By the way, I find it takes more than 4 minutes for preprocessing before the first training iteration actually starts. I wonder if most time is spent on the multi-gpu mechanism?
Usually it takes more time (2~3 minutes on my machine) than a single-GPU task. I think that tensorflow needs time to create graph forward and backward, GPU-GPU, CPU-GPU communications etc. I don't know if there is way to accelerating the graph creation. Update me if you have some ideas or directly pull request.
About the NAN error, however, even when I use --batch_size 1 --gpu_num 4
, there is no NAN error at least for the first 100 iterations (repeated 5 times). I am not sure what happens. Let me know if you have any thoughts.

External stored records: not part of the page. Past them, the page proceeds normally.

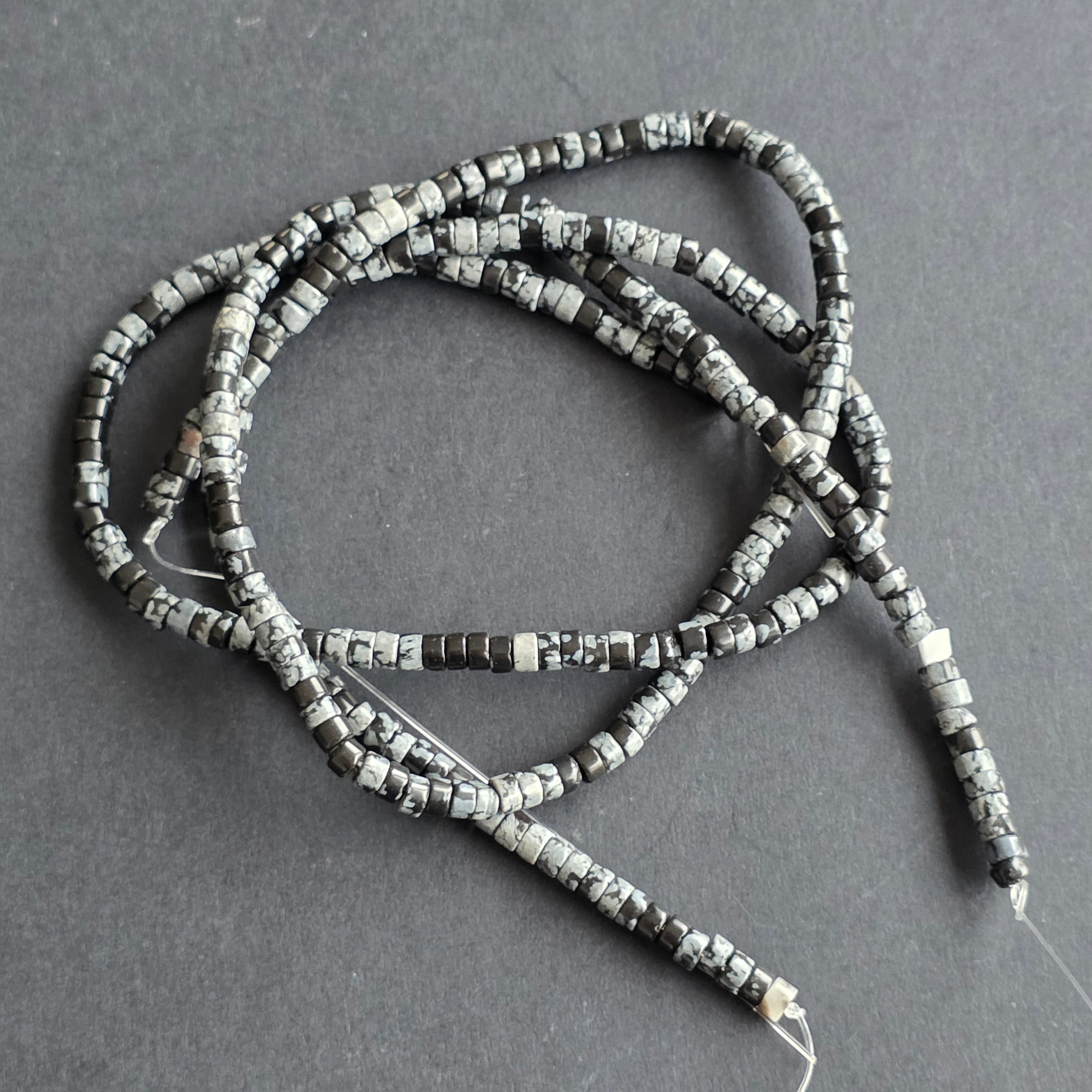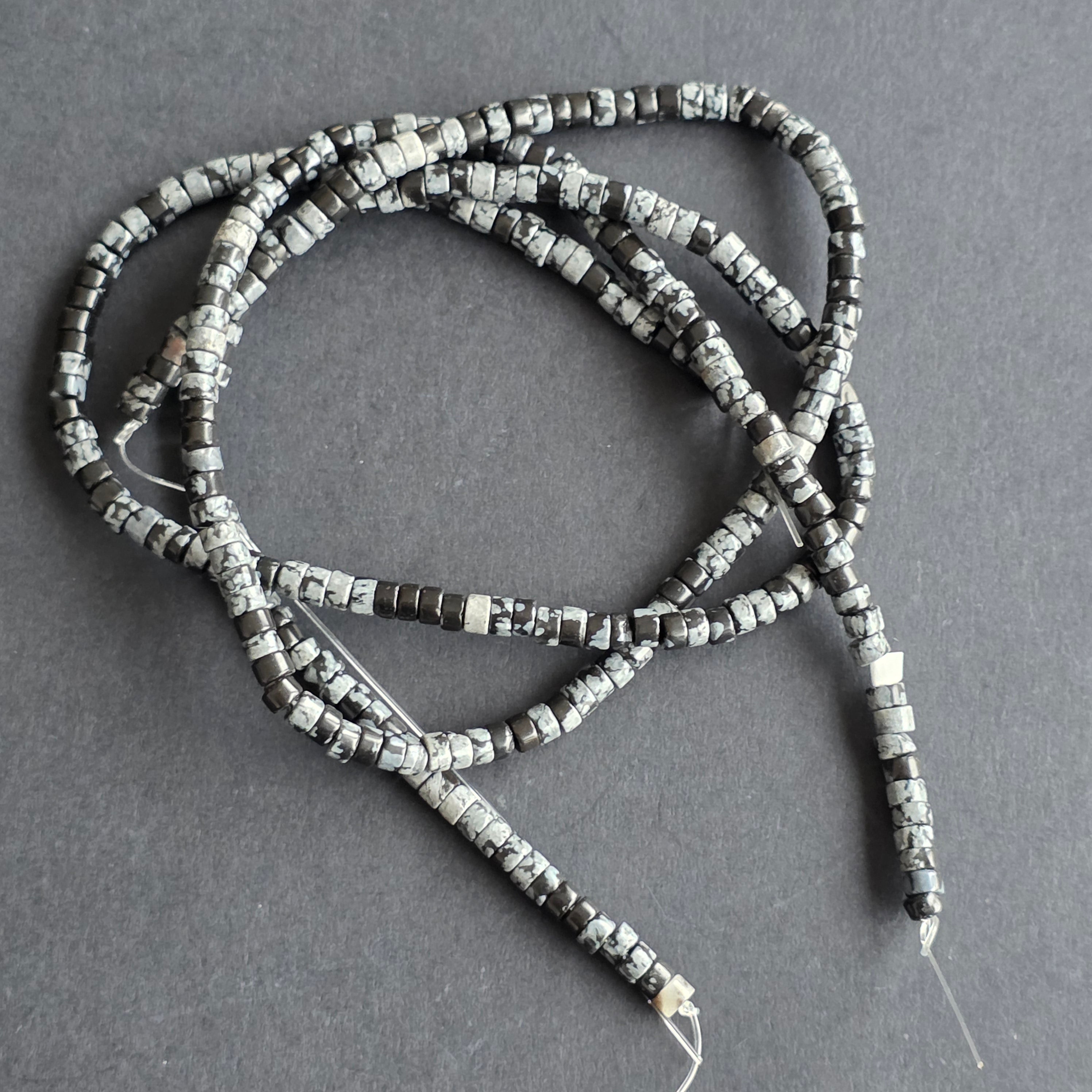 Низ от мъниста полускъпоценни камъни дискове ОБСИДИАН СНЕГ
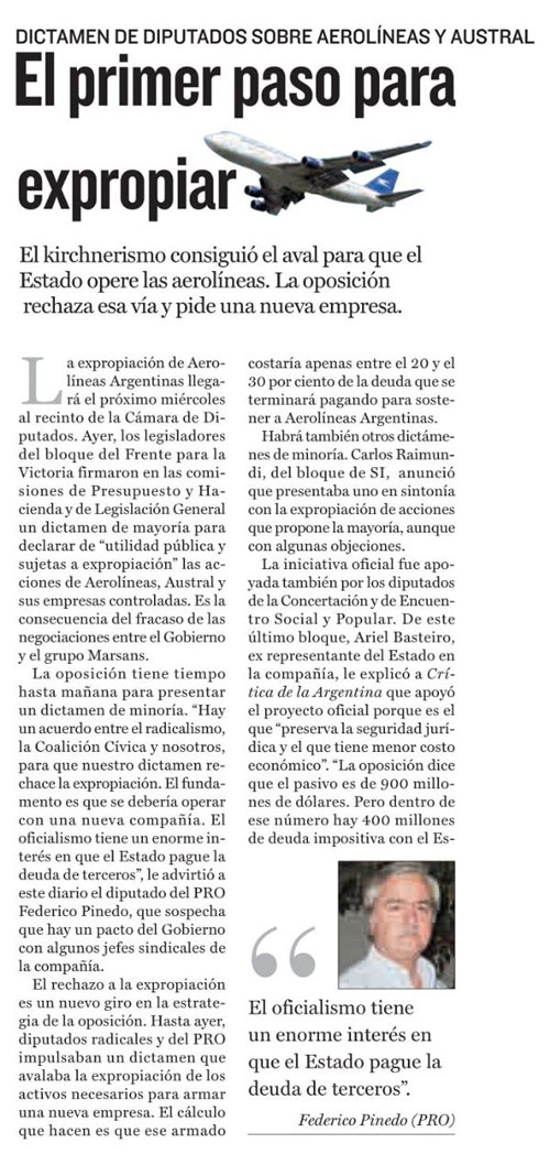 DICTAMEN DE DIPUTADOS SOBRE AEROLÍNEAS
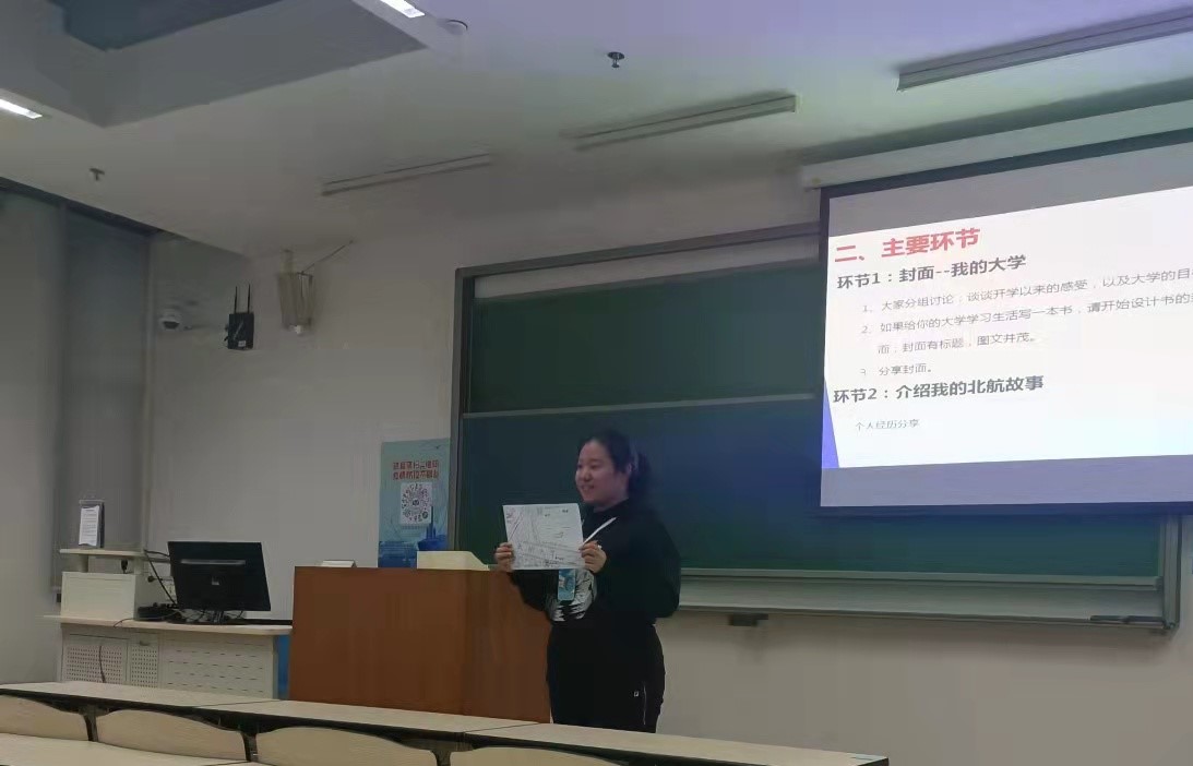 首先,班主任周重文老师通过亲切的交谈了解同学们开学之后的学习状态,通过自身经历和丰富的教学经验解答了同学们近期遇到的问题。接着,老师鼓励同学们以水彩画的形式描述开学一个多月以来的北航新生活,展现自己对北航未来生活的憧憬,以“我的大学生活”为主题绘制一本书的封面。同学们结合自身情况绘制封面,上前展示自己的绘画作品并解释其中蕴含的含义。同学们以画笔传递心声,以文字抒发感情,用手中的画笔表达出自己对北航的生活的独特感受。
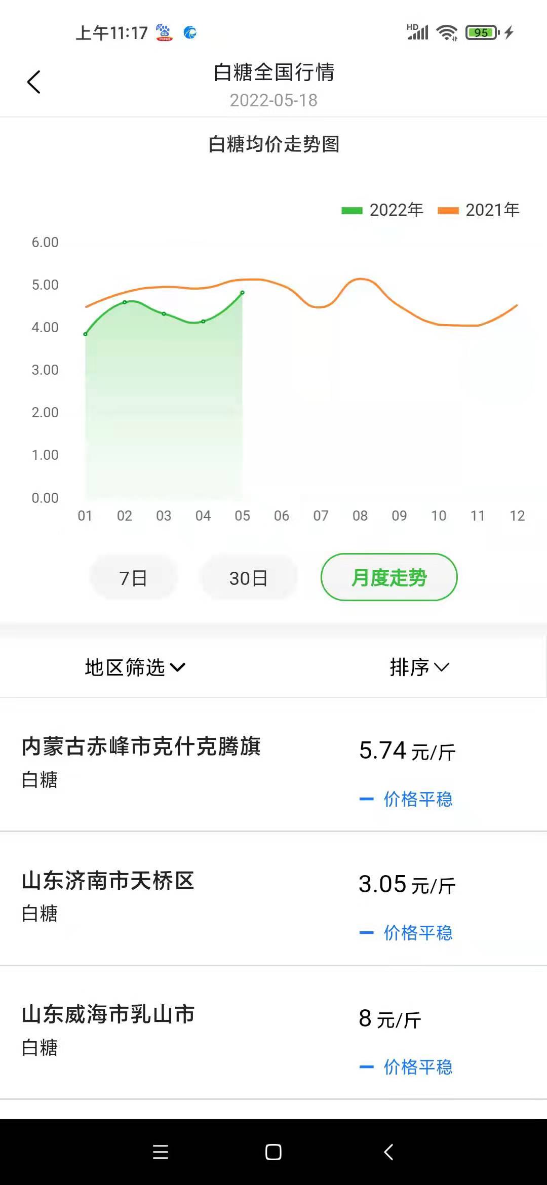 惠农网大数据平台显示,国内糖现货批发价格近2年来未有明显变化,国内糖批发均价围绕5元/斤上下窄幅波动。《证券日报》记者走访长沙多地超市,见散装糖均价仍在7元/斤,与年初相比并无变化。社区超市店长刘道飞表示,“没有听说糖厂要涨价,现在散装糖走货情况一般,餐饮门店拿货不积极,家庭用餐也消费不了太多糖。”
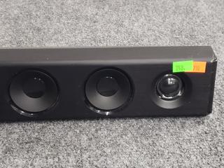 Has power, tested bluetooth, works. One speaker has cosmetic damage. 3" H x 37.5" W x 2".
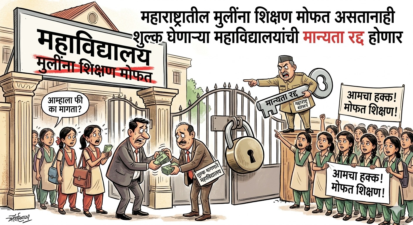 त्यामुळे संबंधित संस्थांमध्ये खळबळ उडाली आहे.राज्य शासनाच्या निर्णयानुसार मुलींना शिक्षणासाठी प्रोत्साहन देण्यासाठी फी माफी, निर्वाह भत्ता आणि ‘कमवा व शिका’ सारख्या योजनांची अंमलबजावणी केली जात आहे. मात्र, प्रत्यक्षात काही महाविद्यालये विविध कारणे सांगत विद्यार्थिनींकडून शुल्क घेत असल्याच्या तक्रारी येत आहेत. या पार्श्वभूमीवर शासनाने कठोर भूमिका घेत कारवाईची प्रक्रिया सुरू केली आहे.
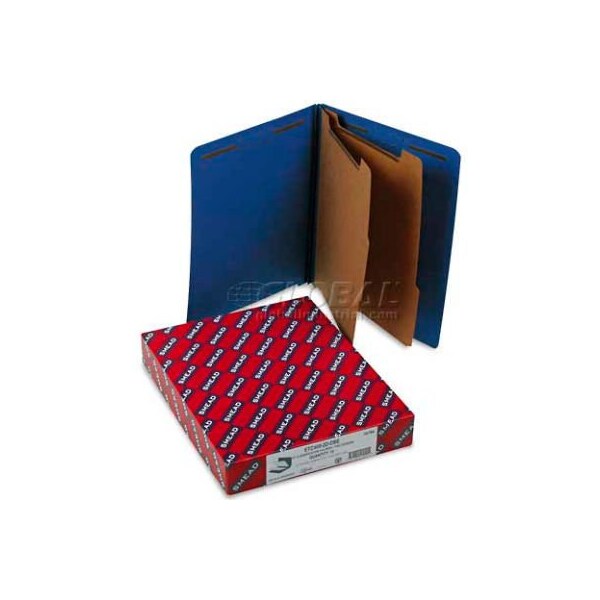 Smead pressboard end tab classification folders, letter, six-section, dark blue, 10/bx protect your documents and fingers with safeshield coated fastener technologythe ultimate solution to fastener issues, including paper tears, finger cuts and excessive fastener crinkling. Folder: 23 pt. Pressboard covers with straight cut tabs (labels sold separately). Two 2" safeshield bonded-style coated fasteners in positions no. 1 and 3. Divider: 17 pt. Kraft dividers. One 1" safeshield coated twin-prong fastener. Classification folder type: end tab; size: letter; number of sections: 6. this product arrives to most customers in 2-3 business days.

I also tried the same setting on another server (Tesla M40) and it still worked fine for about 200 iters. I will study more on these issues.
Thanks for the codes and reply!
I tried to train on ADE dataset, but I still met the error proposed in #15 . There are two differences with the example script (3.b):
I used
--batch_size 2 --gpu_num 4
because of GPU memory limitation. But I decrease the--lrn_rate
to0.00001
as suggested in #15 .I used
resnet_v1_101
network andresnet_v1_101.ckpt
as the pretrained model.My Tensorflow is 1.8.0. Any idea about this error? Thanks!